This study focused specifically on players who participated in the Premiership (RU) or Super League (RL) but considered all matches they played in during a season of competitive match play (including European competitions and international matches). Playing and contact exposures were identified using Stats Perform match event data and estimated HAE exposures were calculated across all matches using previously published HAE rates.
2.1. Data pre‐processing
To be included in the analysis, players were required to have played at least 1 min of a competitive match play in the Premiership (RU) or Super League (RL). This resulted in a total playing population of 598 RU (n = 347 forwards and n = 251 backs) and 402 RL (n = 183 forwards, n = 182 backs and n = 37 unassigned) players. Playing positions were provided by Stats Perform within their match‐event data.

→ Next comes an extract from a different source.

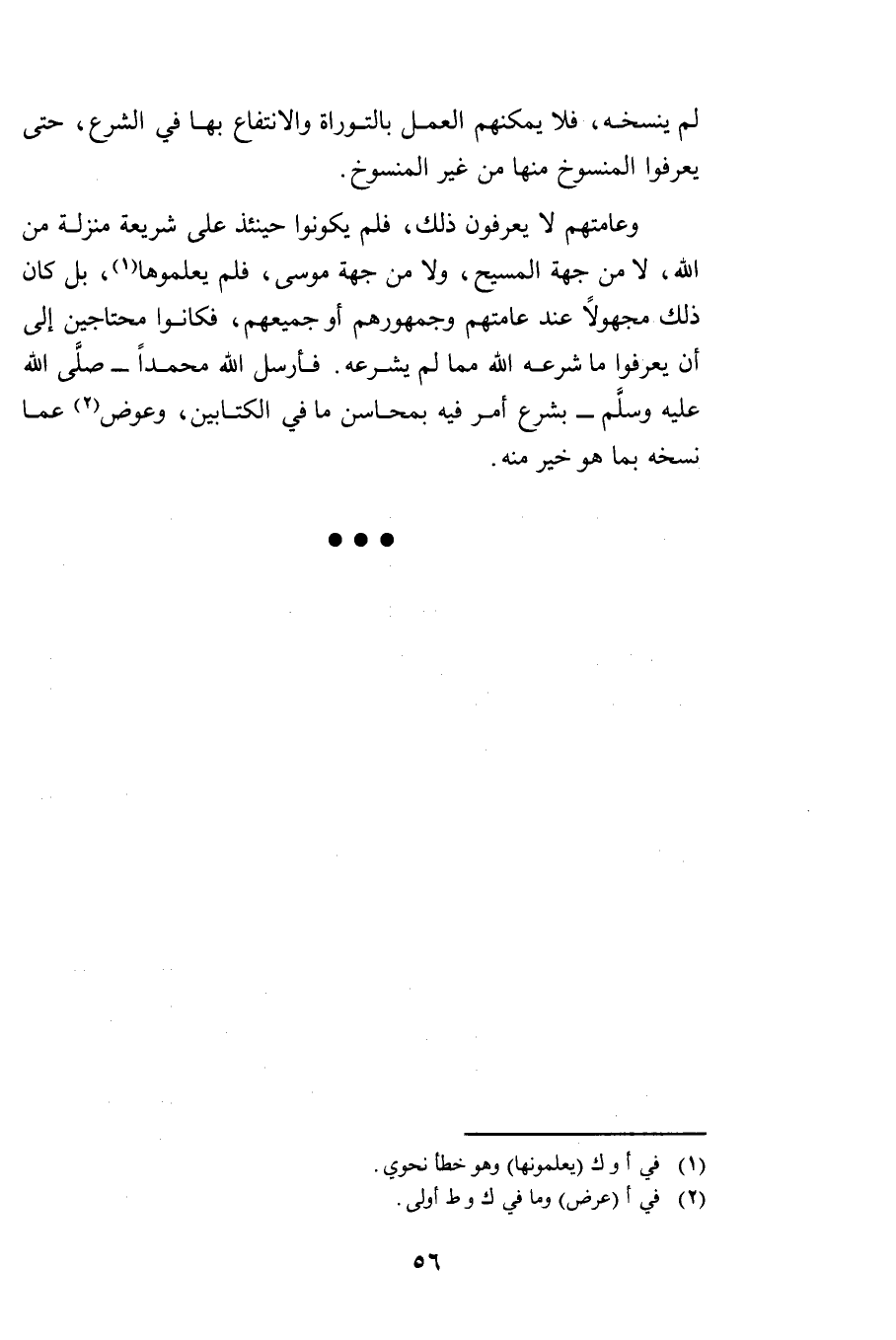 وَعَامَّتُهُمْ لَا يَعْرِفُونَ ذَلِكَ، فَلَمْ يَكُونُوا حِينَئِذٍ عَلَى شَرِيعَةٍ مُنَزَّلَةٍ مِنَ اللَّهِ، لَا مِنْ جِهَةِ الْمَسِيحِ، وَلَا مِنْ جِهَةِ مُوسَى فَلَمْ يَعْلَمُوهَا، بَلْ كَانَ ذَلِكَ مَجْهُولًا عِنْدَ عَامَّتِهِمْ وَجُمْهُورِهِمْ أَوْ جَمِيعِهِمْ، فَكَانُوا مُحْتَاجِينَ إِلَى أَنْ يَعْرِفُوا مَا شَرَعَهُ اللَّهُ مِمَّا لَمْ يَشْرَعْهُ؛ فَأَرْسَلَ اللَّهُ مُحَمَّدًا - صَلَّى اللَّهُ عَلَيْهِ وَسَلَّمَ - بِشَرْعٍ أَمَرَ فِيهِ بِمَحَاسِنِ مَا فِي الْكِتَابَيْنِ، وَعِوَضٍ عَمَّا نَسَخَهُ بِمَا هُوَ خَيْرٌ مِنْهُ.

Total playing exposure in FGEs for each player was calculated as the sum of their minutes played from all match involvements across all competitions, as identified by Stats Perform, divided by 80. The division by 80 converted playing exposure to FGE units similar to previous research (Williams et al., 2017, 2023) and is more intuitive than the total duration (e.g., 24 FGEs vs. 1920 min).
Contact exposure for each player was calculated as the sum of contact event counts, extracted from match‐event data. All definitions and coding for contact events were based on the Stats Perform user manual. In RU, any ball‐carry leading to contact, tackle event, missed tackle event where the player was “bumped off” and ruck involvement were considered as contact events based on previous iMG research (Tooby et al., 2023). In RL, any ball‐carry leading to contact, tackle event and missed tackle event where the player was “bumped off” were considered as contact events. In both codes, tackle and missed tackle events were grouped together as tackle events for the calculation of HAE exposures.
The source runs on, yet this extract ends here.